■ Exercise brief:
Only the pictures are dropped; the lines of the material that follow are returned exactly.

▼

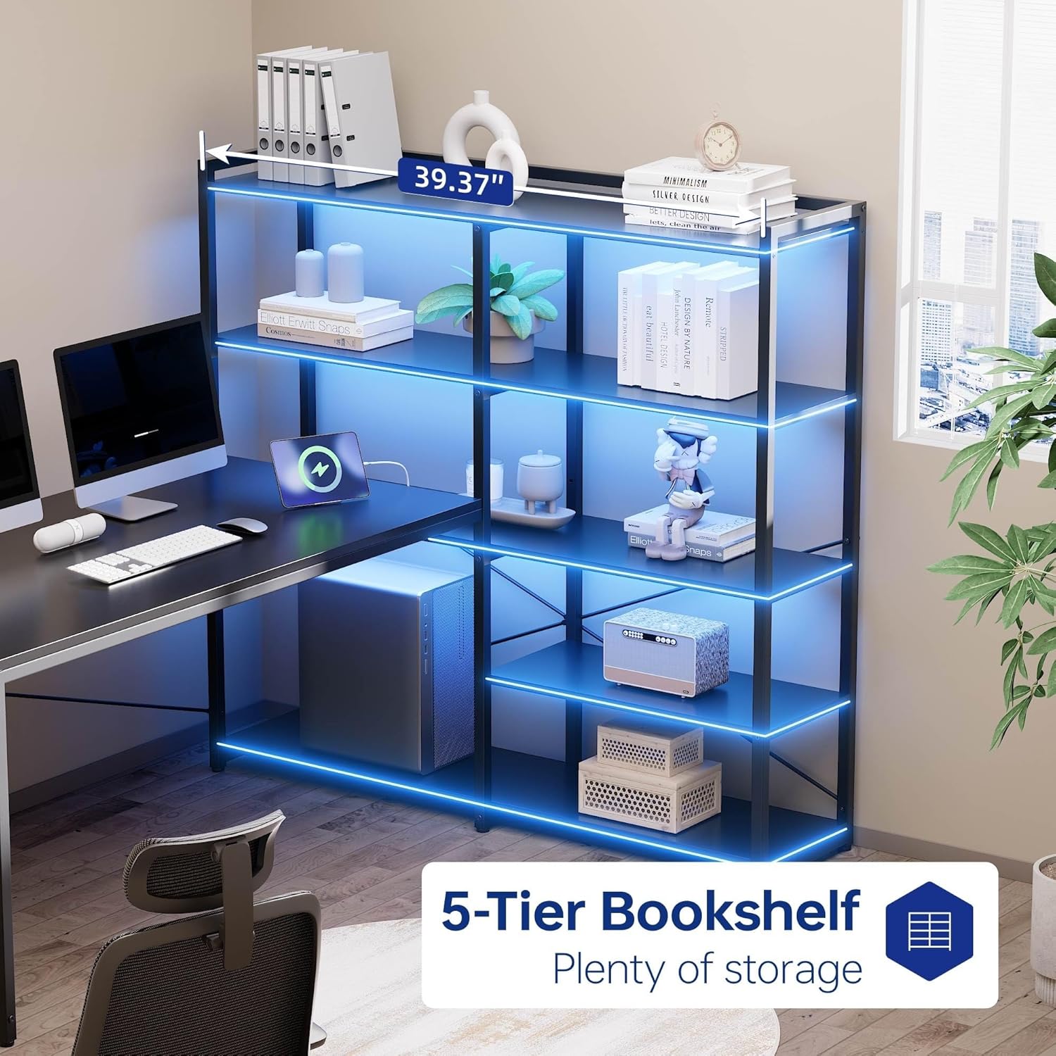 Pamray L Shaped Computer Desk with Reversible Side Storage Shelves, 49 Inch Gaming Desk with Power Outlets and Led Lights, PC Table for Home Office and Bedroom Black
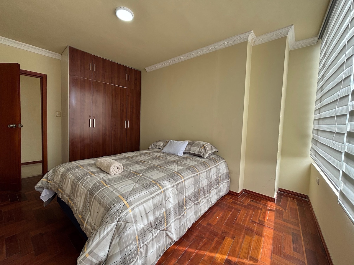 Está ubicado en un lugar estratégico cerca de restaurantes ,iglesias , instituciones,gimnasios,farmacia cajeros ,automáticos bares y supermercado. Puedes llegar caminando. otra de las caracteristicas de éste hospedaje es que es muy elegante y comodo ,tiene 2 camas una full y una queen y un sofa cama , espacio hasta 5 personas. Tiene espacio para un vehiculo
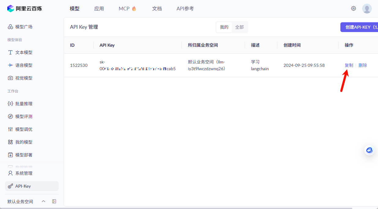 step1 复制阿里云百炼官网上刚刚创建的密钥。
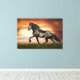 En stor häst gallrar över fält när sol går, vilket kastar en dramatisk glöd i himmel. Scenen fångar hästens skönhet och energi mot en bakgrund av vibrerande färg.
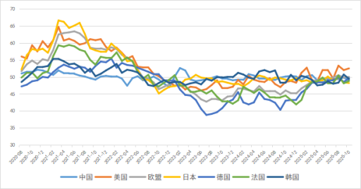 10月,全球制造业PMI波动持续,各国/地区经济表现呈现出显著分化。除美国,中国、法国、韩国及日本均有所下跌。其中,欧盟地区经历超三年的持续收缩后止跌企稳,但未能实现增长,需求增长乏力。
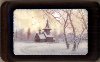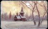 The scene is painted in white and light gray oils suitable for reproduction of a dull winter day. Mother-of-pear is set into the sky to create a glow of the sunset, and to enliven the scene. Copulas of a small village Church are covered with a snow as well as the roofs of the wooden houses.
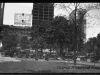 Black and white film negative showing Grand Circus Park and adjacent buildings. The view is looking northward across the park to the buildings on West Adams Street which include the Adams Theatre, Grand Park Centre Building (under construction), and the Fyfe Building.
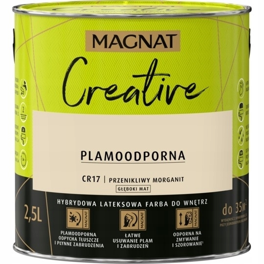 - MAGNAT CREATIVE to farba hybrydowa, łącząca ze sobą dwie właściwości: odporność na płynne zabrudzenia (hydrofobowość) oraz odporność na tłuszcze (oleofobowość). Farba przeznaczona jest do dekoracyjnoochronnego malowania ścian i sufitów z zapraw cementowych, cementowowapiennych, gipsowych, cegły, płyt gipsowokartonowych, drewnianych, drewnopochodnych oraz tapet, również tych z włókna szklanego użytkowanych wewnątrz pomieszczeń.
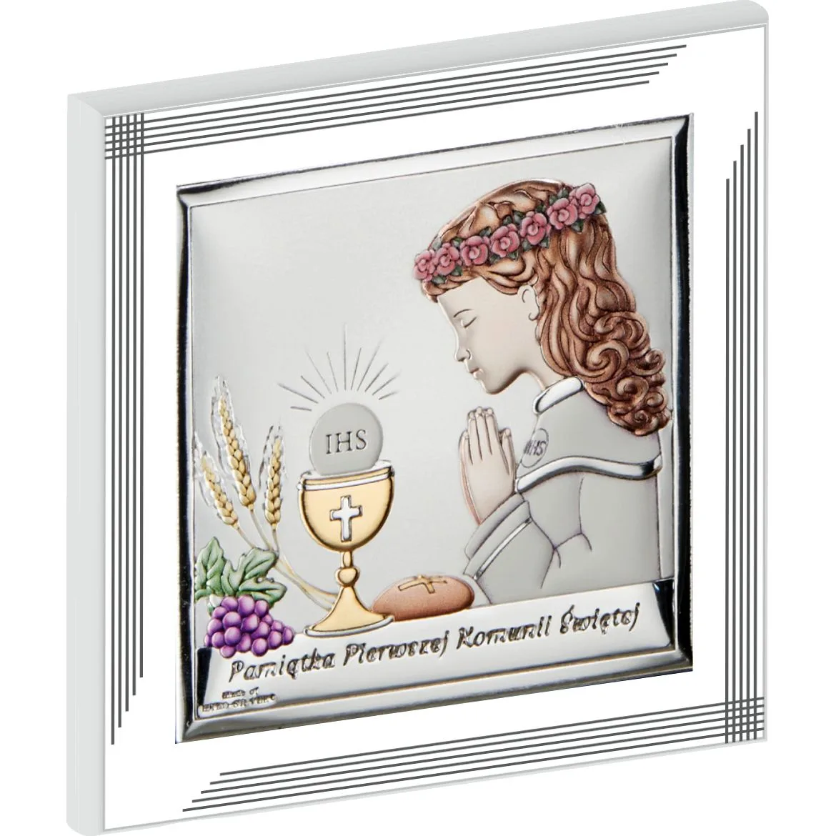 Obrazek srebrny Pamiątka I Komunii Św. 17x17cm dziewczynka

▲

■ Worked solution:
 Pamray L Shaped Computer Desk with Reversible Side Storage Shelves, 49 Inch Gaming Desk with Power Outlets and Led Lights, PC Table for Home Office and Bedroom Black
 Está ubicado en un lugar estratégico cerca de restaurantes ,iglesias , instituciones,gimnasios,farmacia cajeros ,automáticos bares y supermercado. Puedes llegar caminando. otra de las caracteristicas de éste hospedaje es que es muy elegante y comodo ,tiene 2 camas una full y una queen y un sofa cama , espacio hasta 5 personas. Tiene espacio para un vehiculo
 step1 复制阿里云百炼官网上刚刚创建的密钥。
 En stor häst gallrar över fält när sol går, vilket kastar en dramatisk glöd i himmel. Scenen fångar hästens skönhet och energi mot en bakgrund av vibrerande färg.
 10月,全球制造业PMI波动持续,各国/地区经济表现呈现出显著分化。除美国,中国、法国、韩国及日本均有所下跌。其中,欧盟地区经历超三年的持续收缩后止跌企稳,但未能实现增长,需求增长乏力。
 The scene is painted in white and light gray oils suitable for reproduction of a dull winter day. Mother-of-pear is set into the sky to create a glow of the sunset, and to enliven the scene. Copulas of a small village Church are covered with a snow as well as the roofs of the wooden houses.
 Black and white film negative showing Grand Circus Park and adjacent buildings. The view is looking northward across the park to the buildings on West Adams Street which include the Adams Theatre, Grand Park Centre Building (under construction), and the Fyfe Building.
 - MAGNAT CREATIVE to farba hybrydowa, łącząca ze sobą dwie właściwości: odporność na płynne zabrudzenia (hydrofobowość) oraz odporność na tłuszcze (oleofobowość). Farba przeznaczona jest do dekoracyjnoochronnego malowania ścian i sufitów z zapraw cementowych, cementowowapiennych, gipsowych, cegły, płyt gipsowokartonowych, drewnianych, drewnopochodnych oraz tapet, również tych z włókna szklanego użytkowanych wewnątrz pomieszczeń.
 Obrazek srebrny Pamiątka I Komunii Św. 17x17cm dziewczynka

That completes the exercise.